* [Goal of the exercise]: Below are entries; repeat exactly, and nothing else, the lines from the one holding "What is puzzling" through the one holding "This adjustable pot", inclusive. Leave the pictures out.

* [The input]:
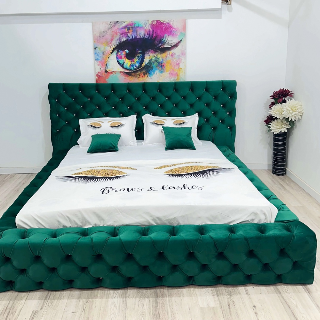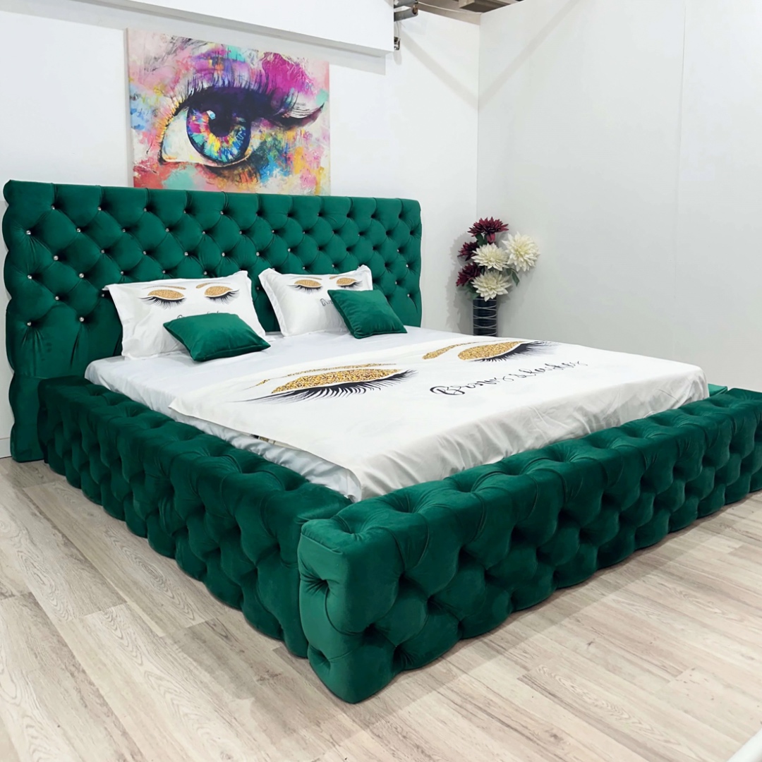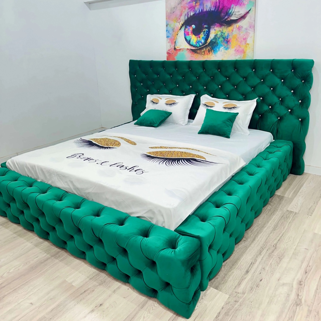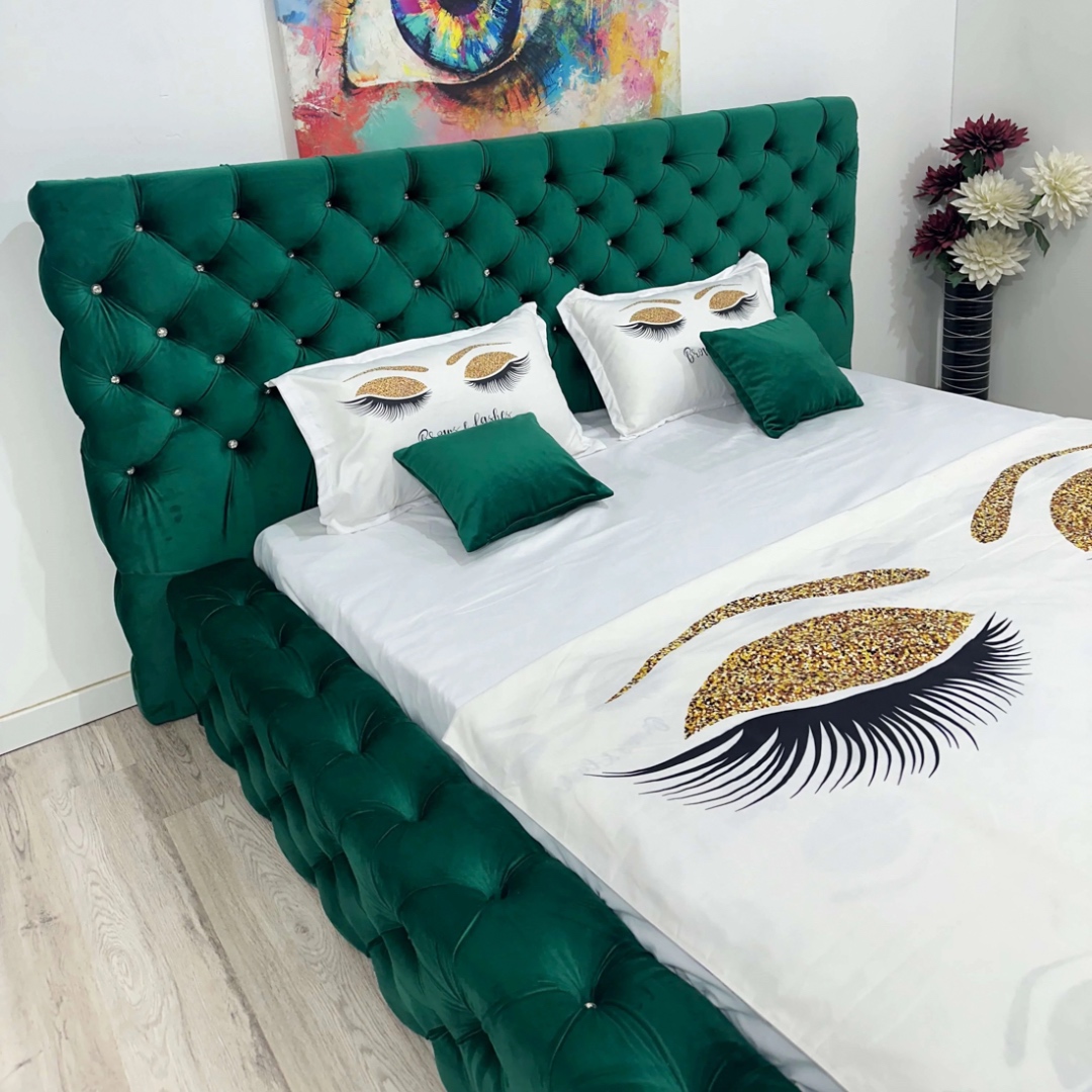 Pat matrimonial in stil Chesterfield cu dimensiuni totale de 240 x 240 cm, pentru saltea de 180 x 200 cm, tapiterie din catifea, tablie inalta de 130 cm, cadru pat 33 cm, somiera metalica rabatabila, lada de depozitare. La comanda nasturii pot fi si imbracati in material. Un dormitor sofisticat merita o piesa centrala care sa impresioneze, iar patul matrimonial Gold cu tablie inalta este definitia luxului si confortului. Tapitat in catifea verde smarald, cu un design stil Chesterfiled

...

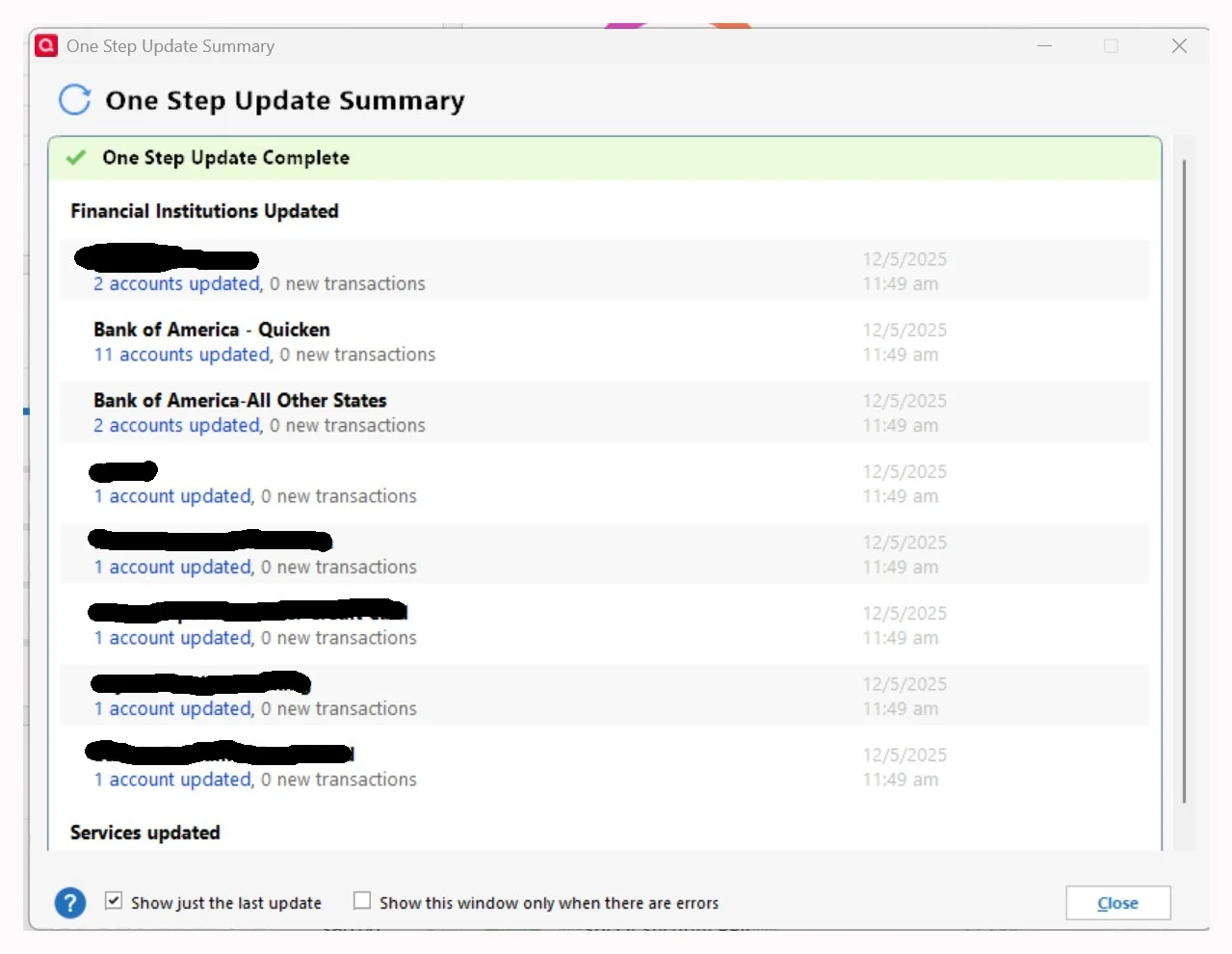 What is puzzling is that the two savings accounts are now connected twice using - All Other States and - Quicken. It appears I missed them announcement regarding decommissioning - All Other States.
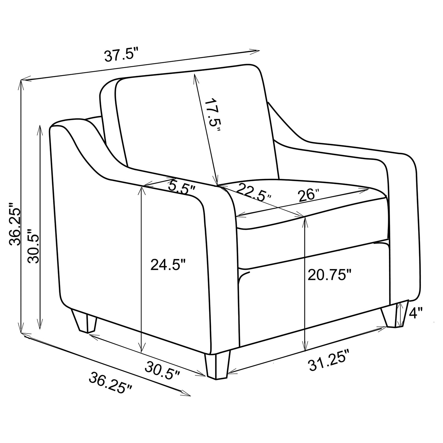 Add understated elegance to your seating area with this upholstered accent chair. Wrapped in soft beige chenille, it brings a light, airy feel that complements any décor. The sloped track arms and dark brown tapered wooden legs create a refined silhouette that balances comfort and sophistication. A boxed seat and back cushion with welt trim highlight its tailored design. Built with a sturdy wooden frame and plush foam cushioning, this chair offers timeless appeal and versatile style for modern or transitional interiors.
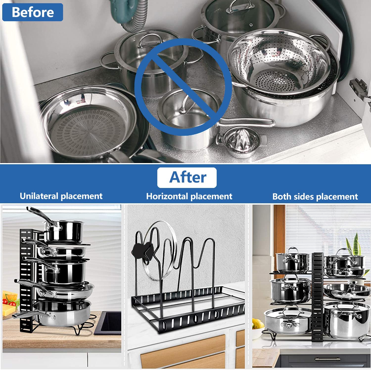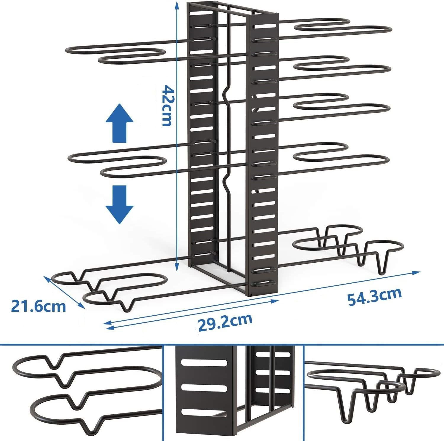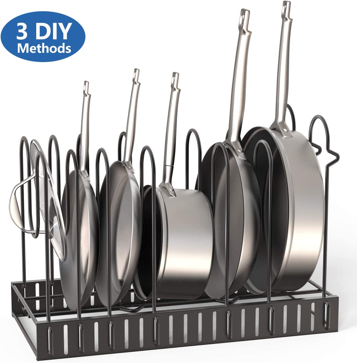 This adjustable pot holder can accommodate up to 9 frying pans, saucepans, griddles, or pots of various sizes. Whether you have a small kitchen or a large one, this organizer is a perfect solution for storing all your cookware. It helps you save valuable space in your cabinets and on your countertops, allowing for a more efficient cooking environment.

* * *

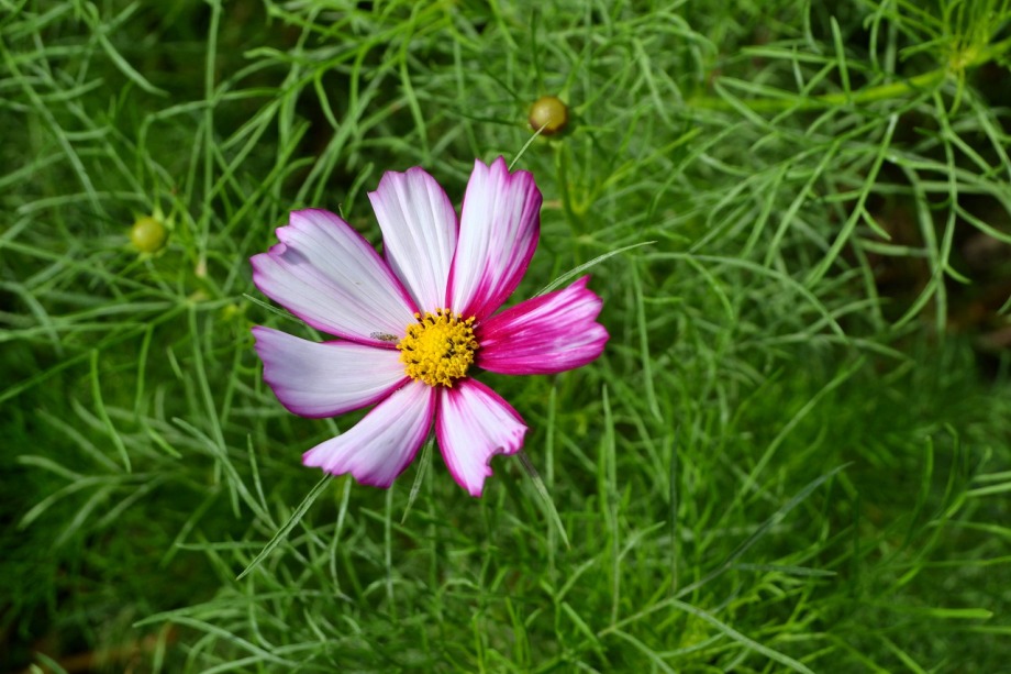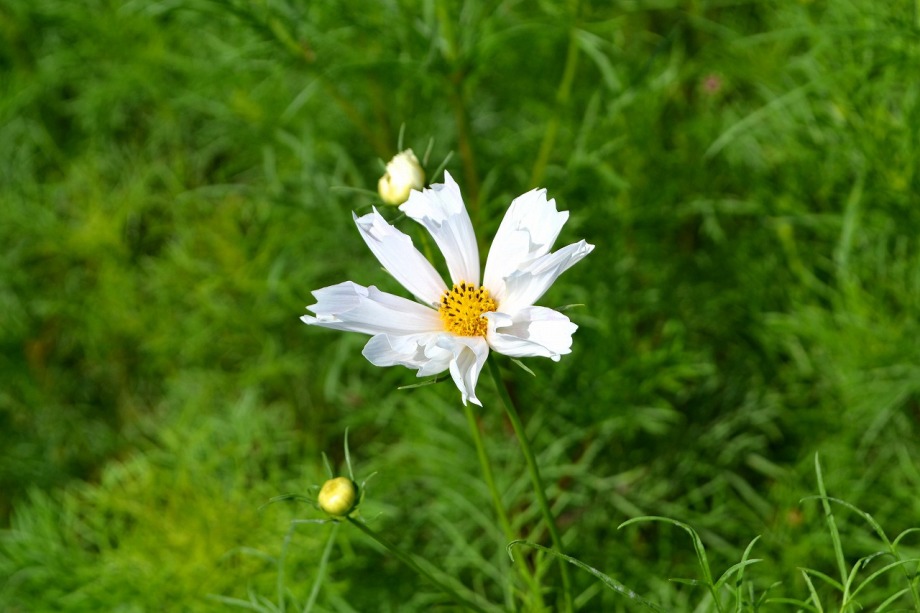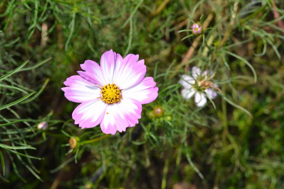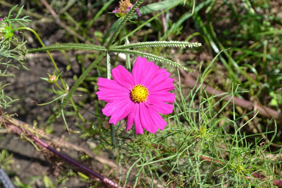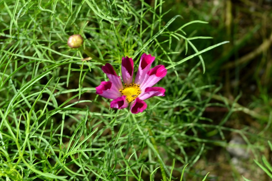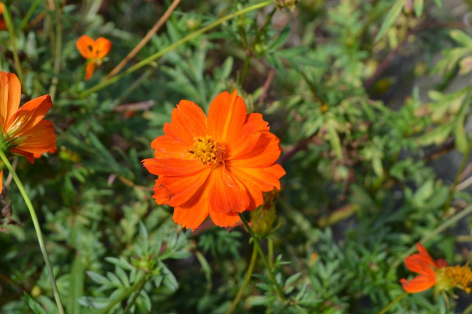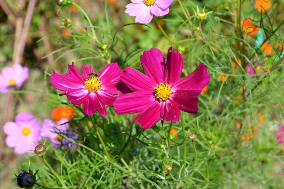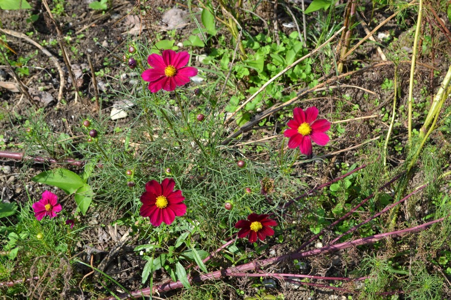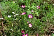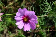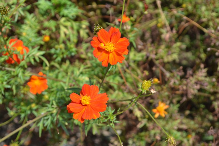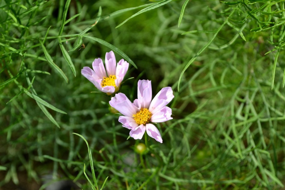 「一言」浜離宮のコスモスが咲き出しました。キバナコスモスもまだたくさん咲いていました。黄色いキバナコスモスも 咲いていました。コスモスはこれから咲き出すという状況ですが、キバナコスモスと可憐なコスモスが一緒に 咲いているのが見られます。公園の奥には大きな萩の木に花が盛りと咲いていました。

* [Finished task]:
 What is puzzling is that the two savings accounts are now connected twice using - All Other States and - Quicken. It appears I missed them announcement regarding decommissioning - All Other States.
 Add understated elegance to your seating area with this upholstered accent chair. Wrapped in soft beige chenille, it brings a light, airy feel that complements any décor. The sloped track arms and dark brown tapered wooden legs create a refined silhouette that balances comfort and sophistication. A boxed seat and back cushion with welt trim highlight its tailored design. Built with a sturdy wooden frame and plush foam cushioning, this chair offers timeless appeal and versatile style for modern or transitional interiors.
 This adjustable pot holder can accommodate up to 9 frying pans, saucepans, griddles, or pots of various sizes. Whether you have a small kitchen or a large one, this organizer is a perfect solution for storing all your cookware. It helps you save valuable space in your cabinets and on your countertops, allowing for a more efficient cooking environment.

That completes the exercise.